Typically, a reference slice may be selected such that all tissue classes of interest are represented within the slice. This way, the threshold(s) derived from the reference slice can be used to segment the entire 3D image. As can be understood, it can be advantageous not having to determine thresholds for each slice of the 3D image, which can be time-consuming or difficult and may not even be possible. Therefore, the reference slice may be selected such that it has pixels representing all of WM, GM, CSF, air, and skull tissues. A possible reference slice is the axial slice passing through the anterior and posterior commissures, which may be determined through specifying midsagittal plane and the two commissures. Additional information on selecting the reference slice can be found in Hu Q. et al, “Fast, accurate and automatic extraction of the modified Talairach cortical landmarks from magnetic resonance images”, Magnetic Resonance in Medicine, (2005), vol. 53, pp. 970-976 (“Hu(I)”), the contents of which are incorporated herein by reference. In practice, this reference slice may be approximated by an axial slice with the third ventricle present and without eyes, as shown in FIG. 3A.

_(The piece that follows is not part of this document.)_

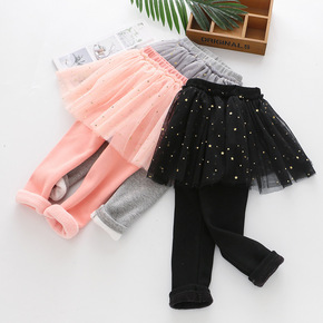 2020童装冬季新款女童加绒裙裤加厚保暖裤亮片网纱...
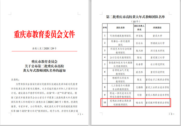近日,重庆市教育委员会印发《关于公布第二批重庆市高校黄大年式教师团队名单的通知》。根据《通知》精神,我校马克思主义学院院长喻永均教授领衔的“思想政治理论课改革创新教师团队”成功入选,系全市高职院校思想政治理论课领域唯一入选团队。

The reference slice may be selected either manually or automatically. For example, the reference may be automatically selected, such as with a computer, by:

    • (1) determining the average intensity (Ni) for each axial slice (Si) of the 3D image, as described in Hu(I);
    • (2) determining the axial slice (Sm) which has the maximum average intensity (Nm); and
    • (3) starting from Sm and along the superior direction, finding the first axial slice (Sr) whose average intensity Nr is less than 0.9Nm as the reference slice.

FIG. 3A shows an example reference slice 114 of a 3D image (not shown). The image is a PD-weighted MR image of a human head. As can be appreciated, the skull 116 and the brain tissues 118 of the head are visible. The brain region 120 enclosed in skull 116 is typically the region of interest (ROI). The ROI may also include the skull region or a portion thereof.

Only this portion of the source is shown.